Share this article

print logo

SPENDING TOBACCO MONEY

Gov. Pataki's budget proposal includes a solid plan to use part of the state's national tobacco lawsuit settlement to pay off some of this state's huge debt.

That angers those who want the entire settlement spent on anti-smoking programs, but it shows fiscal responsibility. Pataki's plan calls for using $1.5 billion -- 75 percent of the state's share of payments over the first five years -- to reduce the state debt.

That's a wise choice. New York has the largest per-capita debt of any state in the nation, at $36.2 billion. Paying off part of that now will not only reduce the total debt, but save on interest payments far into the future.

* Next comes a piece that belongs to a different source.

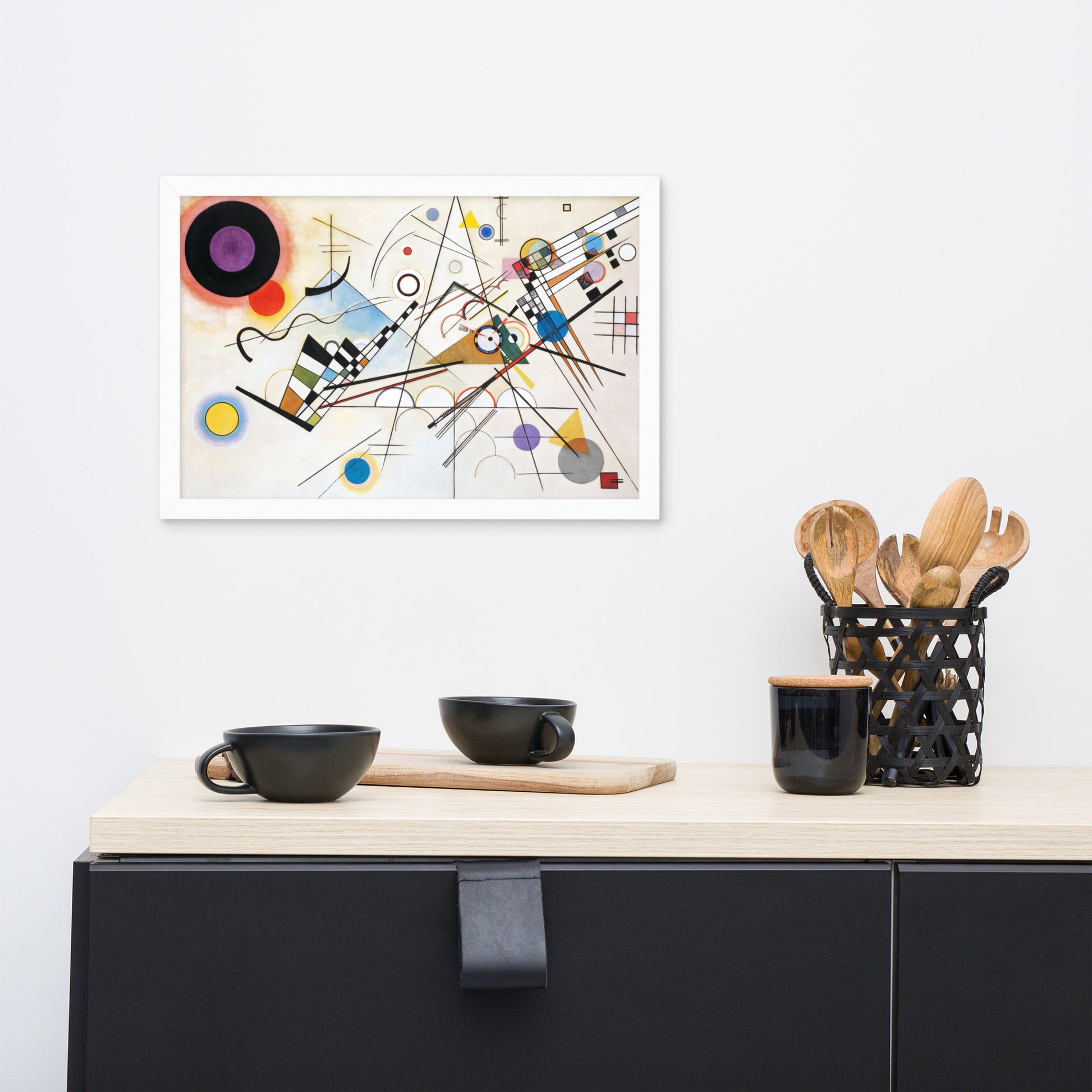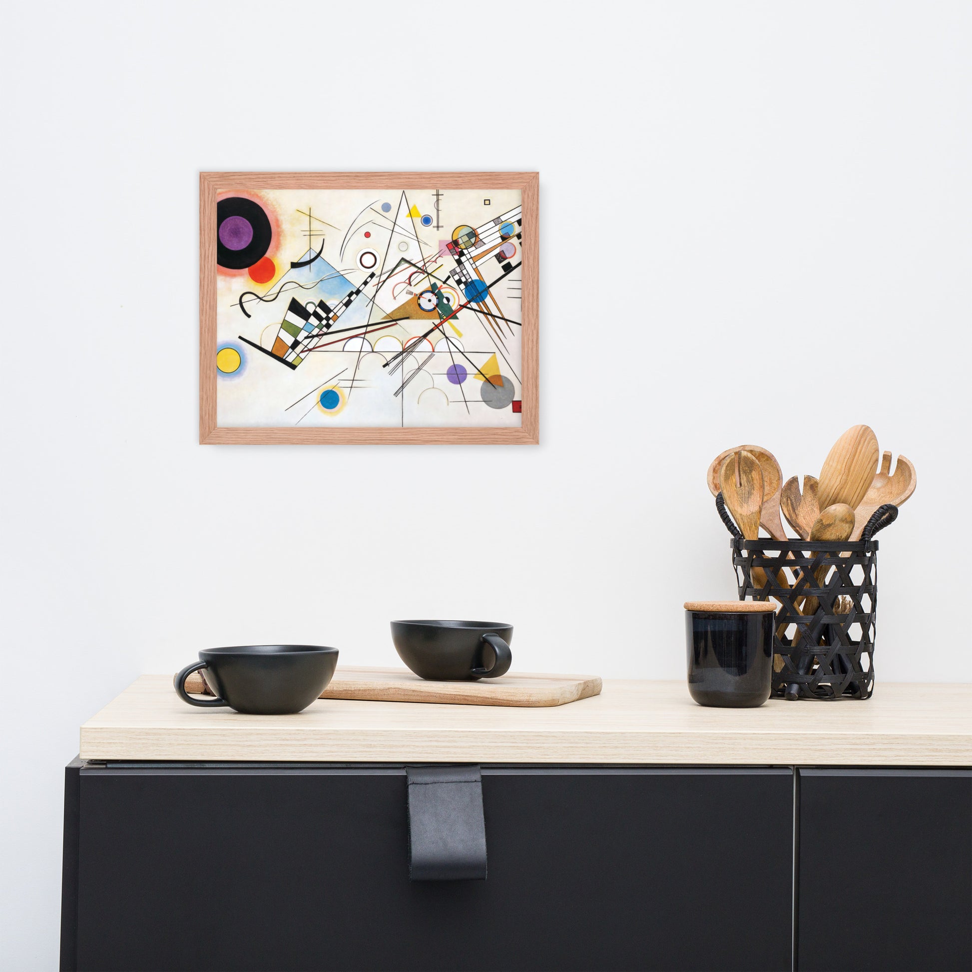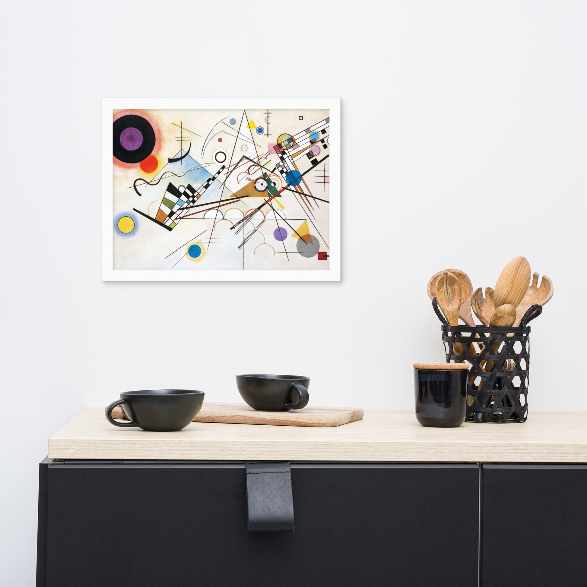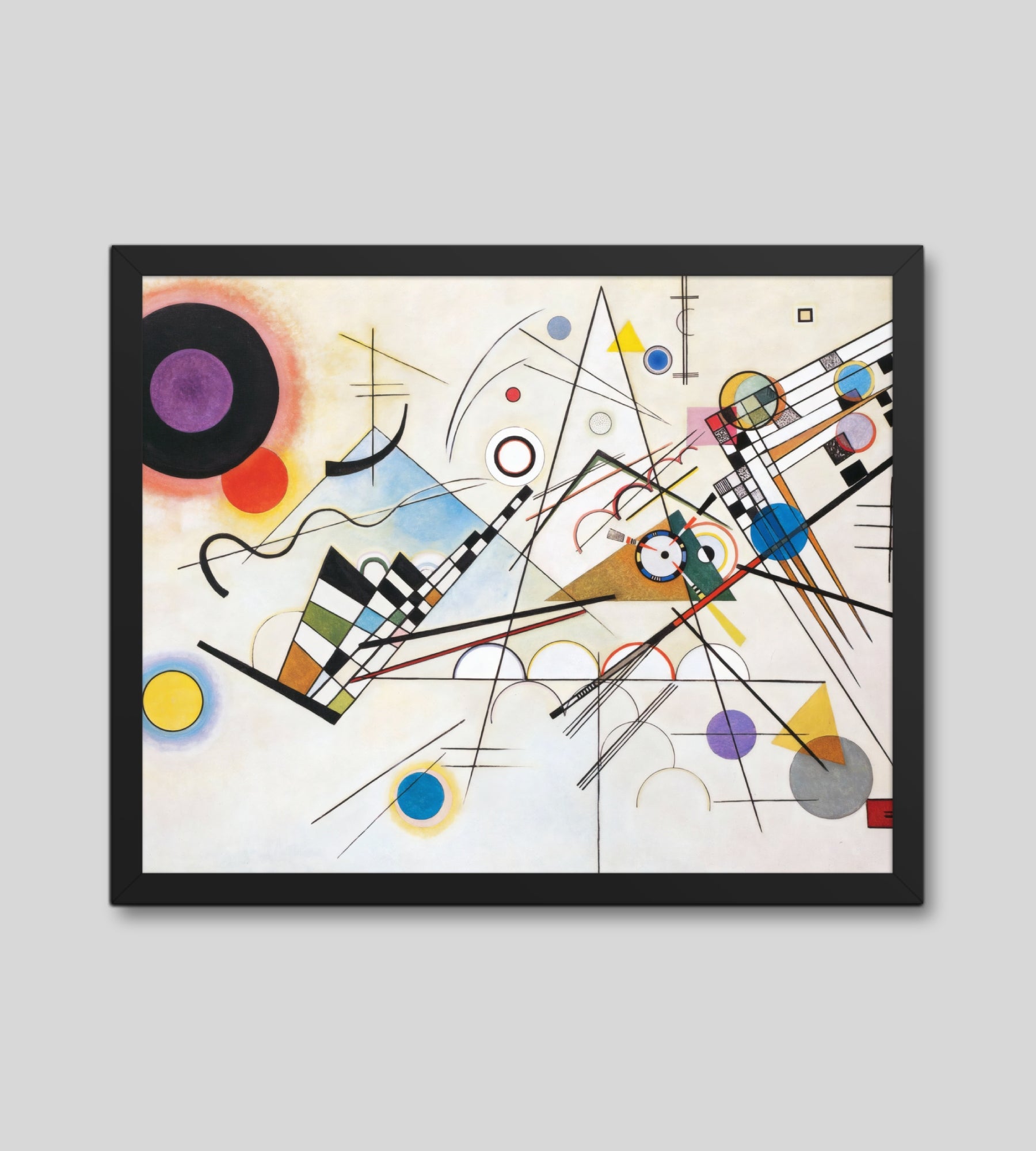 Bring geometric rhythm and vibrant abstraction into your space with Composition VIII by Wassily Kandinsky—a bold framed wall print that celebrates the harmony of shape, line, and color. Originally painted in 1923, this iconic abstract artwork showcases Kandinsky’s shift toward structured composition, blending circles, triangles, and intersecting vectors into a symphony of visual motion.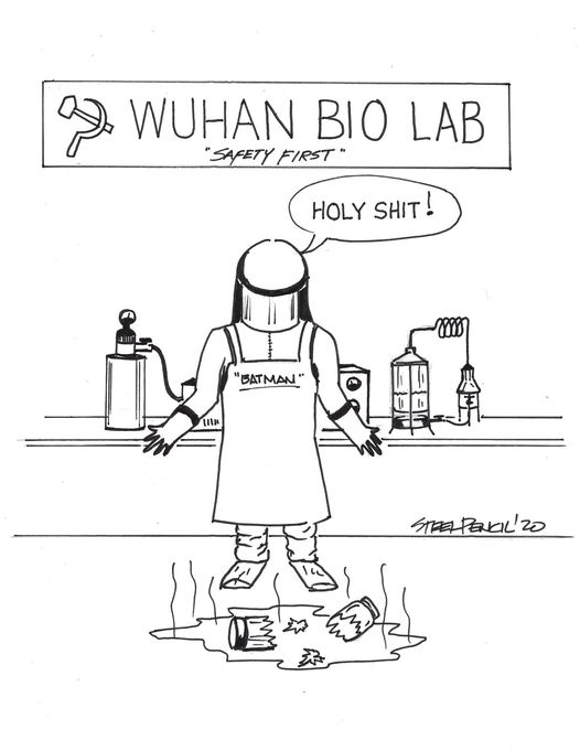 In the very beginning of this whole covid disaster, China restricted travel into Wuhan from other parts of China, and out of Wuhan to other parts of China. Conversely, China allowed travel from Wuhan to anywhere else in the world. The period of time when this all happened was a Chinese holiday, and Chinese citizens from Wuhan, fanned out to locations around the world. Now, I don’t have a degree from a high powered university, matter of fact, my diploma is from a high school in Oklahoma, but I had this shit figured out immediately. A year has come and gone, and we are still in this battle to eradicate covid. Suddenly, all of the naysayers, that refused to admit the obvious, are now jumping on the ” Wuhan Lab Accident ” bandwagon. I did the cartoon below, in April of 2020.

There is money left for health programs from the $25 billion settlement that will be split between the state and its counties. The settlement will be paid out over the next 25 years, with the biggest payments coming toward the end of that period.

That leaves 20 years of payments, growing to $1.2 billion per year, still unallocated. Even in the first five years, $500 million would go to health programs.

The $10 million now spent each year by the state on anti-smoking programs hasn't done enough, and a state Health Department advisory panel wants an annual commitment of $250 million to the effort. The budget proposal falls far short of that now, but still increases the current level of spending to $19 million.

A significant part of the tobacco money that is set aside for health programs should be spent on efforts to limit teen smoking. The settlement itself did not make the tobacco companies pay enough toward that end.

The argument that all of the tobacco money should be used to fight health problems is a powerful one, and will be voiced strongly by the health-care industry and the Democrats who control the Assembly. Senate-leading Republicans, meanwhile, would rather see the cash used to cut taxes -- a stance also taken by Erie County leaders for the county's share of the settlement.

At the state level, though, using most of that money over the next five years to attack the state debt makes sense. Health-care groups should accept the challenge to design lean but effective programs in the early years, and build on them as more funding becomes available. For now, however, Pataki has put forward a sound plan.